Emergency signals means a combination of fixed or movable (mobile) lamps fitted to a motor vehicle and emitting a flashing blue or blue-red light and an audible signal.
Only the vehicle using the emergency light and sound signal together is granted the right to disregard certain rules.If the emergency vehicle uses only the blue flashing light signal, it remains obliged to comply with the rules of the Highway Code. A system using a emergency signal and sound signal is often referred to in everyday language as a police flashing light.
In our emergency signal light product portfolio you can find SoundOff Signal, Code3, Premier Hazard, Sirena and Strobos brands. The blue/red flashers are available in the form of lightbars of different sizes even with integrated speaker. Emergency signal perimeter lights are typically mounted on a grille, door, rearview mirror or behind a windshield. The blue mobile lights are available with either a fixed, drill-in mounting or a magnetic base. Previous technologies, halogen and xenon bulbs have now been replaced almost without exception by LED technology which guarantees extremely reliable, long life and low consumption. Our products comply with R65 lighting parameters and R10 EMC compliance. You will find additional, extra services for almost all of our products, such as installation of devices in a vehicle, service or maintenance.
What is the purpose of the emergency signal?
The emergency sign is responsible for the prevention of imminent threats to human life, limb, health, property or the human environment, the fulfilment of obligations under international treaties, the rescue of damage, the protection of national defence, national security and public safety, and the performance of tasks in the priority interests of the State.
What does the police flashing light give you the right to do?
A vehicle using its emergency light and sound signals together may disregard road signs and many provisions of the Highway Code, but only if its behaviour does not endanger road safety or the safety of persons and property and it is satisfied that other road users have allowed it to proceed unhindered. (Joint Decree 1/1975 (II. 5.) KPM-BM on the Rules of the Road Traffic (KRESZ) § 49 (2))
In no case shall traffic participants have priority over motor vehicles using a emergency light. E.g. pedestrians, cyclists.
What legislation refers to the use and installation of blue lights?
- Decree No 6/1990 (IV. 12.) of the Ministry of Transport, Building and Urban Affairs on the technical conditions for the registration and operation of road vehicles [Technical conditions of operation of the distinguishing and warning lights (66§)]
- ORFK Instruction No. 1/2017 (I. 18.) on police tasks related to the authorisation and control of the installation and use of devices for distinguishing and warning signals
- 12/2007 (III. 13.) IRM Decree on the rules for the installation and use of devices for distinguishing and warning signals (Distinguishes between users who can only install the signals with an official permit and those who can only install the signals without an official permit.)
Types of emergency light signals by technology:
- Halogen blue lamp: Typically a rotating lamp with a standard H1 or H7 bulb and a rotating mirror.
- LED blue flashing: A flashing lamp fitted with an LED bulb, where the LED modules either flash simultaneously or imitate a rotation by flashing individual LED bulbs. The LED technology gives them a long lifetime.
- Xenon Blue Flashing: Flashing lamps with Xenon gas-filled bulbs. They are nowadays marginalised due to the high cost of the technology.
Components of a emergency sound and light signal
- Lightbar: Lightbars available in different widths according to the size of the vehicle, which can be fixed to the roof of the vehicle by means of a fixed or magnetic design.
- Beacon: Indicators that can be used as supplementary signals or as stand-alone indicators, either fixed to the roof or with a magnetic design.
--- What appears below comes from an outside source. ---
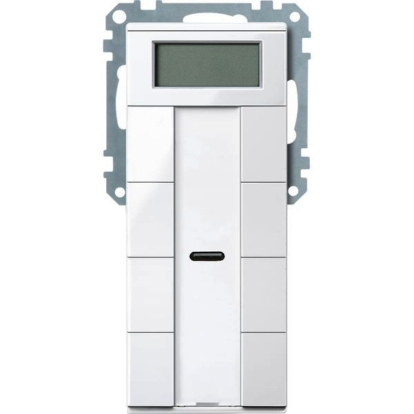 Steuereinheit mit Bedientasten, Betriebs/-Statusazeige und Schriftfeld, die Betriebsanzeige kann auch als Orientierungslicht verwendet werden, Funktionen der Tasten können mit IR-Fernbedienung angesteuert werden (bereits vorprogrammiert) Im Design System M. Komfortable Steuerungseinheit mit 8 Bedientasten, Betriebs-, Statusanzeige und Schriftfeld. Die Betriebsanzeige kann auch als Orientierungslicht verwendet werden. Mit Raumtemperaturregler und Display. Mit integriertem Piezo-Summer zur Anzeige von Alarmzuständen und IR-Empfänger. Mittels IR-Fernbedienung können alle Funktionen der jeweiligen Tasten angesteuert werden. Mit 9 roten LEDs. Der Raumtemperaturregler ist für Heizung und Kühlung mit stufenlos verstellbaren KNX-Stellantrieben oder zur Ansteuerung von Schaltaktoren und Heizungsaktoren verwendbar. Mit weiß hinterleuchtetem Display zur Darstellung von z. B. Uhrzeit, Datum, Temperatur und Betriebsmodus. Menü zur Einstellung von Standard-Betriebsarten, Sollwert, Arbeitstag/arbeitsfreier Tag (externe Ansteuerung), Anzeigemodus, Uhrzeit, Schaltzeiten und Helligkeit des Displays. Die Tasten sind als Tastenpaar (zweiflächig) oder als Einzeltasten frei parametrierbar. Mit integriertem Busankoppler. Der Busanschluss erfolgt über eine Busanschlussklemme. Softwarefunktionen KNX Funktionen Taster Schalten, Umschalten, Dimmen, Jalousie (relativ oder absolut), Flanken löst 1,- 2-, 4- oder 8-Bit-Telegramme aus (Unterscheidung kurze/lange Betätigung). Flanken mit 2-Byte-Telegrammen (Unterscheidung kurze/lange Betätigung), 8-Bit-Schieberegler, Szenenabruf, Szenenspeicherung, Sperrfunktion. Zeitsteuerung mit Synchronisation, Meldefunktion, Externen Temperaturwert zyklisch lesen, Ventilatorsteuerung, Betriebsarten, Sollwertverschiebung. Funktionen Raumtemperaturregler Reglertyp 2-Punkt-Regelung, stetige PI-Regelung, schaltende PI-Regelung (PWM). Ausgang Stetig im Bereich 0-100% oder schaltend EIN/AUS. Regler-Mode -Heizen mit einem Reglerausgang. Kühlen mit einem Reglerausgang. Heizen und Kühlen mit getrennten Reglerausgängen. Heizen und Kühlen mit einem Reglerausgang. 2-stufiges Heizen mit 2 Reglerausgängen. 2-stufiges Kühlen mit 2 Reglerausgängen. 2-stufiges Heizen und Kühlen mit 4 Reglerausgängen. Betriebsarten Komfort, Komfortverlängerung, Standby, Nachtabsenkung, Frost-/Hitzeschutz. Schieben aller Sollwerte. Speichern aller Solltemperaturen und Betriebsarten bei Reset. Überwachung externer Temperatur. Zusätzliche Ausgabe der Stellgröße als 1-Byte Wert bei PWM. Meldefunktion für Isttemperatur, Ventilschutzfunktionxx Szenenfunktion. Bedienung Menü. Zu komplettieren mit 1-M-Rahmen, 2fach ohne Mittelsteg 3898xx ATELIER-M-Rahmen, 2fach ohne Mittelsteg 3888xx M-SMART-Rahmen, 2fach ohne Mittelsteg 4788xx, 4848xx. M-PLAN-Rahmen, 2fach ohne Mittelsteg 4888xx, 5158xx M-PLAN-Echtglasrahmen, 2fach ohne Mittelsteg 4878xx M-PLAN-Metallrahmen, 2fach ohne Mittelsteg 4758xx Sender IR-Universalfernbedienung MEG5761-0000. Funk-Universalfernbedienung CONNECT MEG5051-0000. Lieferumfang Mit Busanschlussklemme und Tragplatte. Mit Schraube für Demontageschutz. Mit Putzschutzhaube. Material Thermoplast brillant. Farbe polarweiß glänzend.

- Perimeter lights: LED technology flashers for mounting in the radiator grille, rear-view mirror or door.
- Loudspeaker: A loudspeaker to be fitted in the light bridge or to be mounted separately in the engine compartment to provide a distinctive audible warning.
- Control unit: A control unit for controlling the light and sound, which is also the amplifier for the loudspeaker. The control unit may also have a hand-held microphone which makes the system suitable for intercom or loudspeaker announcements.
The beacon light signal shall be mounted at the highest point of the vehicle, ensuring 360° visibility. If this is not possible, an additional perimeter light shall be used.